In this post, we provide an introduction to text to SQL (Text2SQL) and explore use cases, challenges, design patterns, and best practices. Specifically, we discuss the following:

  • Why do we need Text2SQL
  • Key components for Text to SQL
  • Prompt engineering considerations for natural language or Text to SQL
  • Optimizations and best practices
  • Architecture patterns

Why do we need Text2SQL?

Today, a large amount of data is available in traditional data analytics, data warehousing, and databases, which may be not easy to query or understand for the majority of organization members. The primary goal of Text2SQL is to make querying databases more accessible to non-technical users, who can provide their queries in natural language.

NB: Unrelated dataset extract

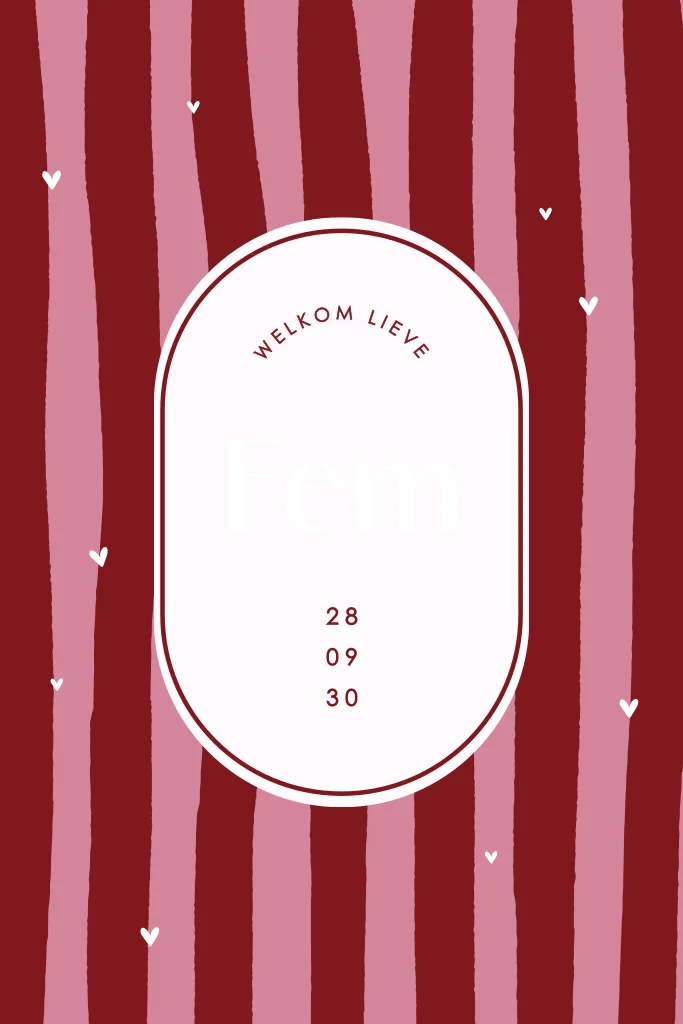 Kondig de geboorte van jullie kleintje aan met dit super trendy geboortekaartje met roze en rode strepen en afgeronde hoeken! De goudfolie geeft een luxe finish. Wil je een lettertype, kleur of ander element aanpassen? Dat kan gemakkelijk met de online editor.

NLP SQL enables business users to analyze data and get answers by typing or speaking questions in natural language, such as the following:

  • “Show total sales for each product last month”
  • “Which products generated more revenue?”
  • “What percentage of customers are from each region?”

Amazon Bedrock is a fully managed service that offers a choice of high-performing foundation models (FMs) via a single API, enabling to easily build and scale Gen AI applications. It can be leveraged to generate SQL queries based on questions similar to the ones listed above and query organizational structured data and generate natural language responses from the query response data.

Key components for text to SQL

Text-to-SQL systems involve several stages to convert natural language queries into runnable SQL:

  • Natural language processing:
    • Analyze the user’s input query
    • Extract key elements and intent
    • Convert to a structured format
  • SQL generation:
    • Map extracted details into SQL syntax
    • Generate a valid SQL query
  • Database query:
    • Run the AI-generated SQL query on the database
    • Retrieve results
    • Return results to the user

One remarkable capability of Large Language Models (LLMs) is generation of code, including Structured Query Language (SQL) for databases. These LLMs can be leveraged to understand the natural language question and generate a corresponding SQL query as an output. The LLMs will benefit by adopting in-context learning and fine-tuning settings as more data is provided.

The following diagram illustrates a basic Text2SQL flow.

Text 2 SQL high level process flow

Prompt engineering considerations for natural language to SQL

The prompt is crucial when using LLMs to translate natural language into SQL queries, and there are several important considerations for prompt engineering.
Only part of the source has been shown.